Exercise instructions: Where the listing below reaches the line containing "15:09 - Ecco", start writing out lines exactly, and stop once the line containing "Le bilan de" has been written.

Dataset records:

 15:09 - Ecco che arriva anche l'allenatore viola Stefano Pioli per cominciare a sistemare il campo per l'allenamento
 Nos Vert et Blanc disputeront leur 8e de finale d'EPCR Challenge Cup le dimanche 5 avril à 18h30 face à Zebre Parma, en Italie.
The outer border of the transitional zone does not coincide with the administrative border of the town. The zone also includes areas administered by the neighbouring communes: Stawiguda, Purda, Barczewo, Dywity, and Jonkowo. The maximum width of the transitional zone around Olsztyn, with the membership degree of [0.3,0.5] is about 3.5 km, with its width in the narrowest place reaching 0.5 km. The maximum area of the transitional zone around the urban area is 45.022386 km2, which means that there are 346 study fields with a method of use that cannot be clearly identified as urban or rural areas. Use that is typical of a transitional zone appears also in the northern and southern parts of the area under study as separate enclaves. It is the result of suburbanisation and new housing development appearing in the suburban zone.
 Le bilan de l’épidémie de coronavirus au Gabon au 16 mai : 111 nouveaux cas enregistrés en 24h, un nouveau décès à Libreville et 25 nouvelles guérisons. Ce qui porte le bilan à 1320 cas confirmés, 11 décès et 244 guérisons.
==
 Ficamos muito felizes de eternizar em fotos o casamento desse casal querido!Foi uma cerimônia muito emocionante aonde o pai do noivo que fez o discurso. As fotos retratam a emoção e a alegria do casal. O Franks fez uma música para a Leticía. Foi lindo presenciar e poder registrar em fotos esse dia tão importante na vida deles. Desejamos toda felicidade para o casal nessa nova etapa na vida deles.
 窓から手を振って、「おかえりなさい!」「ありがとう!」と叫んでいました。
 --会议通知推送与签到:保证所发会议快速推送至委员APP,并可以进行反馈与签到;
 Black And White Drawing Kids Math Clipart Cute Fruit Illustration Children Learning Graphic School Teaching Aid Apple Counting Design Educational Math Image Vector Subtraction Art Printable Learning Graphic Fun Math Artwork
* * *
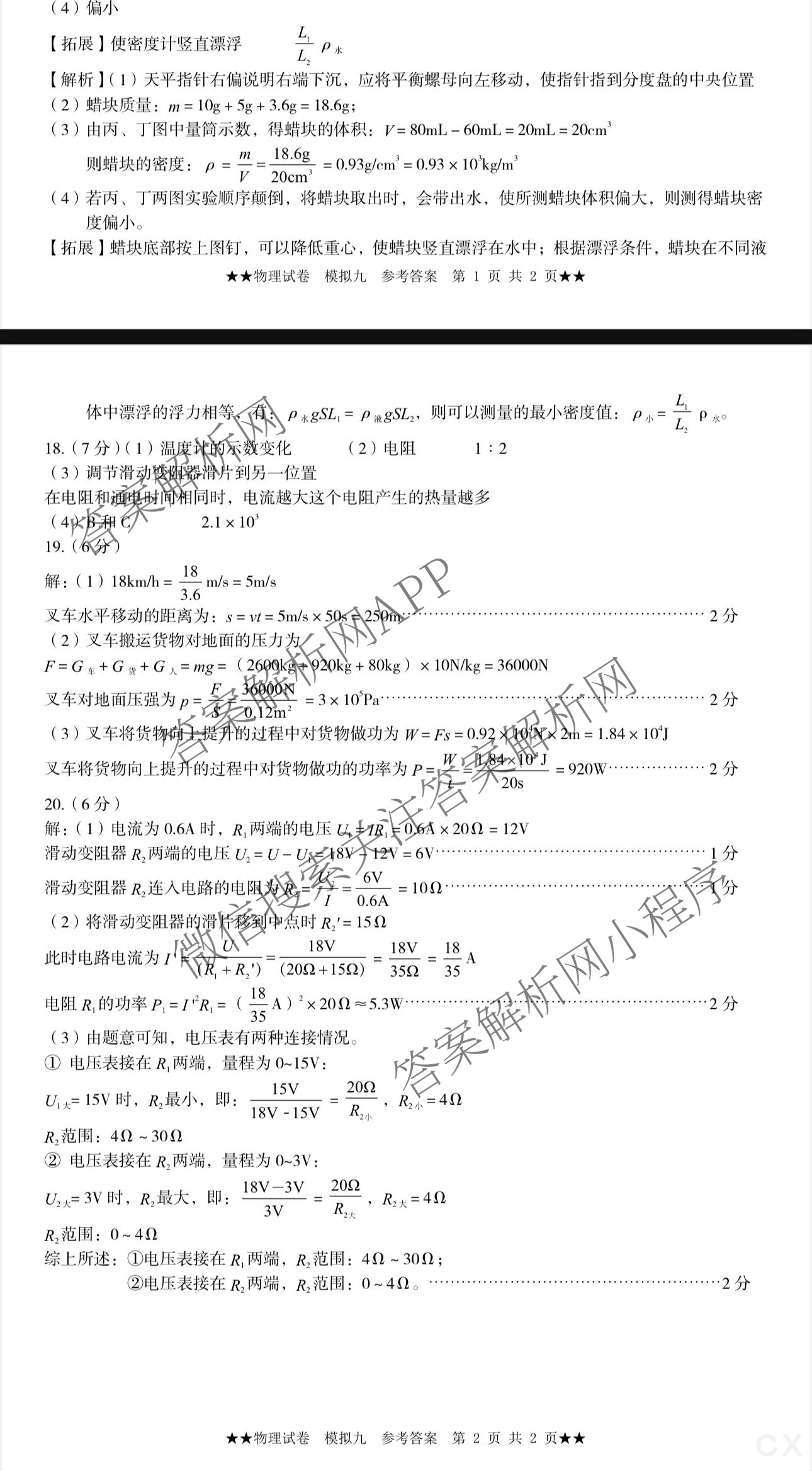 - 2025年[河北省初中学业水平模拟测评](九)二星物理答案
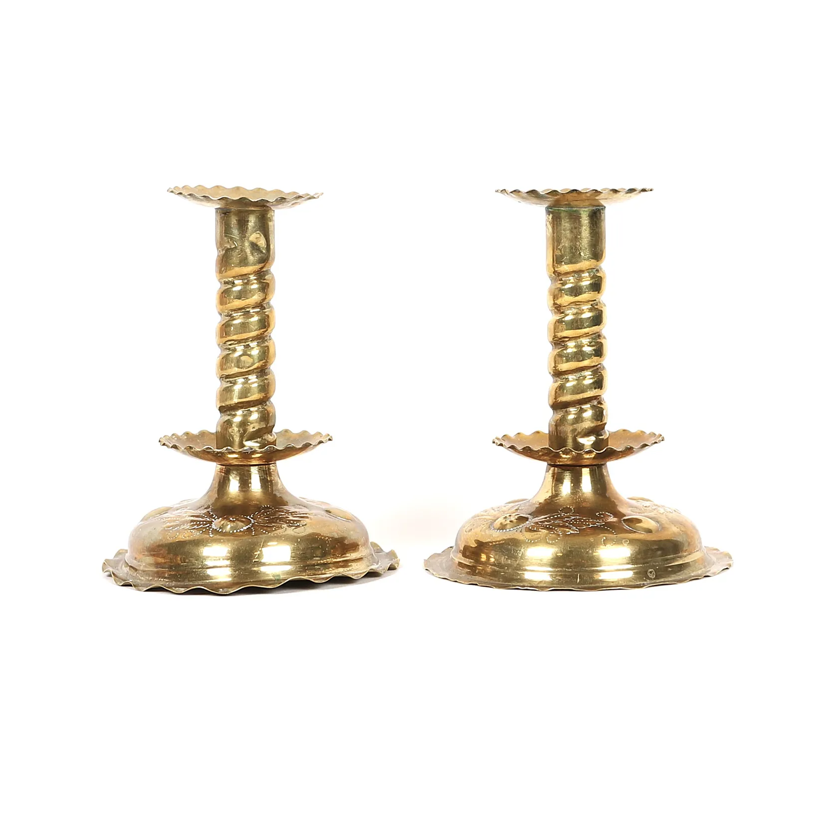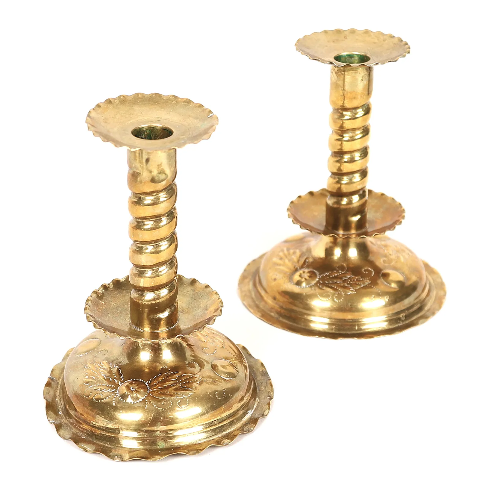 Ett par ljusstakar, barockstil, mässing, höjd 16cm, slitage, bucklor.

Response:
 15:09 - Ecco che arriva anche l'allenatore viola Stefano Pioli per cominciare a sistemare il campo per l'allenamento
 Nos Vert et Blanc disputeront leur 8e de finale d'EPCR Challenge Cup le dimanche 5 avril à 18h30 face à Zebre Parma, en Italie.
The outer border of the transitional zone does not coincide with the administrative border of the town. The zone also includes areas administered by the neighbouring communes: Stawiguda, Purda, Barczewo, Dywity, and Jonkowo. The maximum width of the transitional zone around Olsztyn, with the membership degree of [0.3,0.5] is about 3.5 km, with its width in the narrowest place reaching 0.5 km. The maximum area of the transitional zone around the urban area is 45.022386 km2, which means that there are 346 study fields with a method of use that cannot be clearly identified as urban or rural areas. Use that is typical of a transitional zone appears also in the northern and southern parts of the area under study as separate enclaves. It is the result of suburbanisation and new housing development appearing in the suburban zone.
 Le bilan de l’épidémie de coronavirus au Gabon au 16 mai : 111 nouveaux cas enregistrés en 24h, un nouveau décès à Libreville et 25 nouvelles guérisons. Ce qui porte le bilan à 1320 cas confirmés, 11 décès et 244 guérisons.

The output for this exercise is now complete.